ValueError: empty range for randrange() (1, 1, 0)
Inyrkz commented 9 months ago

@miquelduranfrigola ,

This is the input of the get_side_chain_pairs() function.

[1*]c1cccc(NS(=O)(=O)c2c(F)cccc2F)c1F.[2*]C(C)(C)C.[3*]c1ccnc(N)n1

This is the output.

['[1*]c1cccc(NS(=O)(=O)c2c(F)cccc2F)c1F', '[1*]C(C)(C)C', '[1*]c1ccnc(N)n1', '[1*]c1cccc(NS(=O)(=O)c2c(F)cccc2F)c1F.[2*]C(C)(C)C', '[1*]c1cccc(NS(=O)(=O)c2c(F)cccc2F)c1F.[2*]c1ccnc(N)n1', '[1*]C(C)(C)C.[2*]c1ccnc(N)n1', '[1*]c1cccc(NS(=O)(=O)c2c(F)cccc2F)c1F.[2*]C(C)(C)C.[3*]c1ccnc(N)n1']

I've noticed that the model crashes for side chains like this [1*]c1cccc(NS(=O)(=O)c2c(F)cccc2F)c1F', '[1*]C(C)(C)C', '[1*]c1ccnc(N)n1',

It has to be at least a pair

Inyrkz commented 9 months ago

It takes 4 minutes for the model to run predictions for 4 input SMILES on Google Colab (GPU)

miquelduranfrigola commented 9 months ago

OK @Inyrkz thanks - GPU is a bit faster then. Noted. Let's then do pairs and triplets. One question: does the n_trials parameter help in generating more molecules? Another question: does reducing the number of molecules per trial increase speed?

Inyrkz commented 9 months ago

Okay, pairs and triplets. So I just do

all_combinations = combinations_2 + combinations_3

I'll experiment to get answers to the questions.

Inyrkz commented 9 months ago

Here's what I've observed so far (I'll update this list).

I hope this helps.

miquelduranfrigola commented 9 months ago

Thanks @Inyrkz

This is useful.
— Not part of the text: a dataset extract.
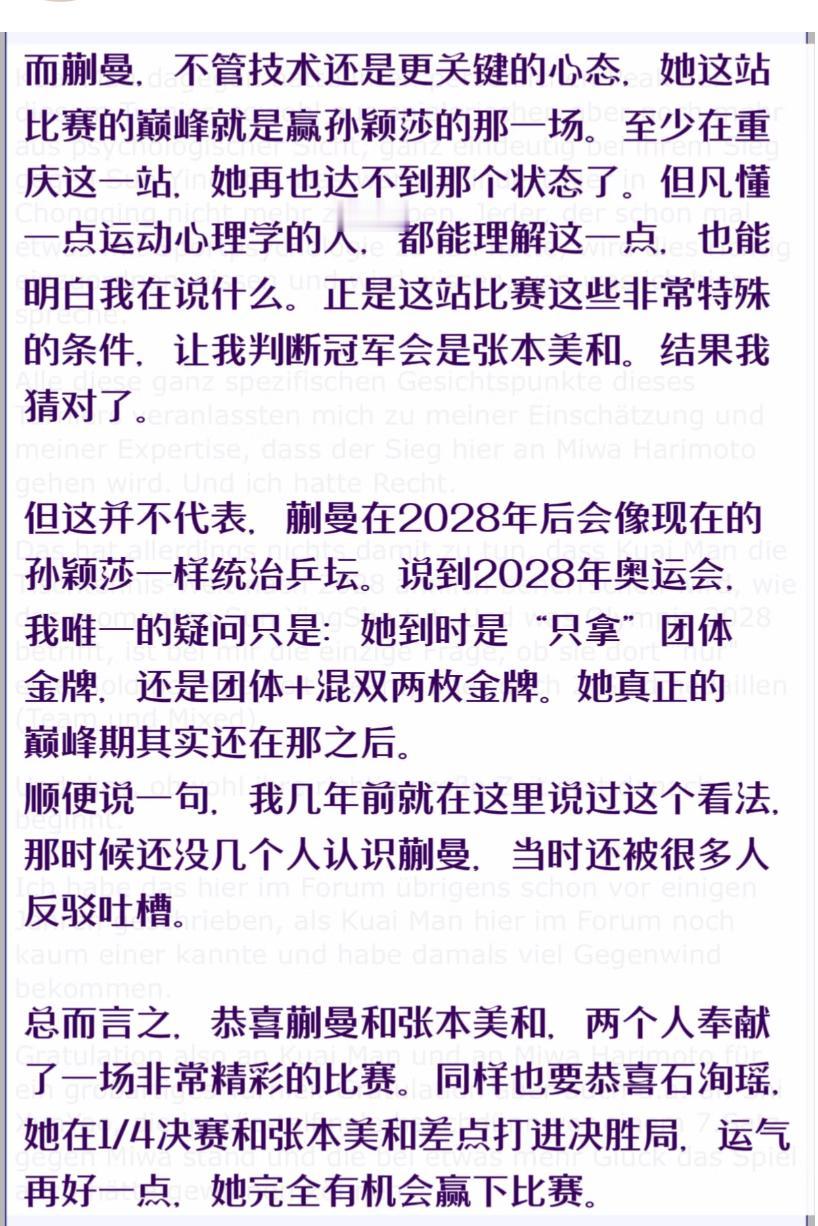 德国球迷关于重庆冠军赛温瑞博与蒯曼夺得亚军的一些看法! 3月15日,2026重庆冠军赛轰轰烈烈的结束了, 蒯曼苦战7局3:4张本美和夺得亚军, 温瑞博1:4不敌小勒布伦夺得亚军! 德国球迷的看法有些不同, 他们认为张本美和在这站的运气 非常好,首先是长崎美柚的退赛, 王曼昱,和孙颖莎的先后出局, 蒯曼的最佳状态留在打莎莎时, 张本美和才能夺冠🏆! 德国球迷对温瑞博的评价非常高, 他们认为温瑞博最近一段时间 把世界顶级选手打一个遍, 莫雷加德,邱党,达科, 杜达,弗朗西斯卡,雨果…… 温瑞博有杀生的优势, 重点还是能不能扛住外协的研究, 毕竟他才参加成人赛, 别人对他并不了解, 而且温瑞博的打法体系有点乱, 别人猜不透, 这也是他的优点! 加油温瑞博,未来可期!

We will have to accept that this is a slow model. Let's do n_trials=10 and n_samples_per_trial=10, if you agree? Can we try this config for a few molecules, keeping an eye on:

Almost there!

Inyrkz commented 9 months ago

Alright,

I'll try n_trials=10 and n_samples_per_trial=10.

Yup, almost there!

Inyrkz commented 9 months ago

This table shows how long it takes to execute the original code.
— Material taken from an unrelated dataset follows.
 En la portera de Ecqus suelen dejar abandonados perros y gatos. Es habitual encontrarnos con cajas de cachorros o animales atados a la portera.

Tasks Execution Time on my System (mins) Execution Time on Colab with GPU (mins)
Side chain 1 3m46s 1m46s
Side chain 2 1m56s 1m34s
Side chain 3 2m2s 1m23s
Side chain 4 3m33s 1m29s
Total time 24 mins (using a loop) 6 mins (using a loop)
Average generation time per side chain 2m49s 1m33s
Inyrkz commented 9 months ago

Here is the notebook

Inyrkz commented 9 months ago
Input SMILES No. of core structures generated No. of side chains pairs Execution Time on Colab with GPU (sec) Number of output generated Notebook
CC(C)(C)c1nc(c(s1)-c1ccnc(N)n1)-c1cccc(NS(=O)(=O)c2c(F)cccc2F)c1F 4 13 1296 224 link
CN(C)c1cccc(c1)C(=O)Nc1ccc(C)c(NC(=O)c2ccc(O)cc2)c1 2 5 563 200 link
miquelduranfrigola commented 9 months ago

Thanks, @Inyrkz - these numbers look very reasonable; ~200 molecules generated is sufficient. Also, on a quick look, I like the molecules generated according to the notebooks. In my opinion, we are ready to wrap up - @GemmaTuron , what do you think?
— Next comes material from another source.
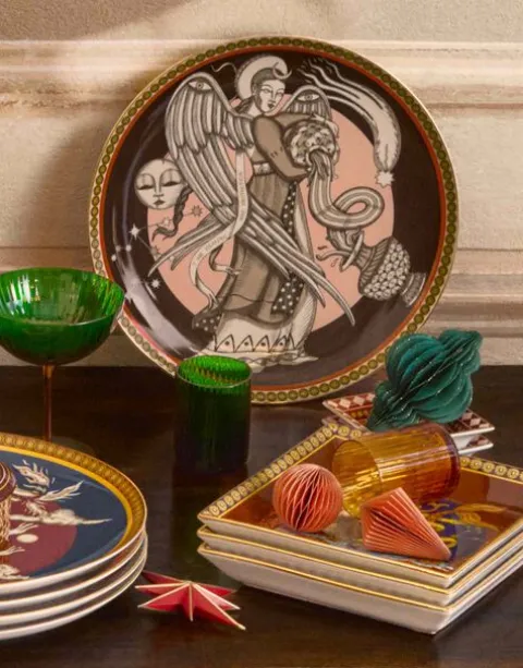 We don’t often think of “temperance” when we list the qualities we aspire to achieve. Yet that calming, harmonising, equilibrating energy is exactly what we need when we feel stressed, anxious, or unmoored. As the prime protector in our Guardians Collection, The Angel is a light-giver, designed not only to delight the eye, but to infuse your home with a little more “pace”. With added 18K-gold adorning this Decorative Plate, this piece is extra special (nothing but the best for our sister angels, right?)Crafted in collaboration with Turin-based artist Elisa Seitzinger, the Guardian Collection features five energy-protecting supernatural stewards;The Unicorn; The Sphinx; The Angel; The Dragon: The Mermaid. With intricate hidden symbols lovingly etched, painted or printed onto each piece, these are more than mere beautiful objects – these are vibration-raising, mood-boosting, positivity-bringing happiness generators. Select the specific Guardian that activates your desired energy, or collect all five for maximum cosmic consciousness.If so moved, feel free to use this mantra with your Guardian item: “I call upon my angels of healing & protection”

Inyrkz commented 9 months ago

@GemmaTuron

I've made an initial update to the main.py script. These are the two files main.py and mol_gen.py

GemmaTuron commented 9 months ago

Hi @Inyrkz !

Thanks for this, it looks good, does it work fine with Ersilia? I cannot have a deep dive into it this afternoon but will do tomorrow, thanks for the work.

Inyrkz commented 9 months ago

@GemmaTuron, You're welcome.

I'm yet to test it with Ersilia. I want to make sure the code is okay before using it in my presentation tomorrow.

It took over 30 mins to run it on my system.

Inyrkz commented 9 months ago

The run.sh file works.

I've been trying to test it with Ersilia but I keep getting a PingError. My internet connection is bad. I'll try again at night to see if it gets better.

Git LFS initialized.
17:02:22 | DEBUG    | Git LFS has been activated
17:02:47 | ERROR    | Ersilia exception class:
PingError

Detailed error:
No internet connection. Internet connection is required for downloading models from GitHub repositories.

Hints:
Make sure that your computer is connected to the internet and try again. 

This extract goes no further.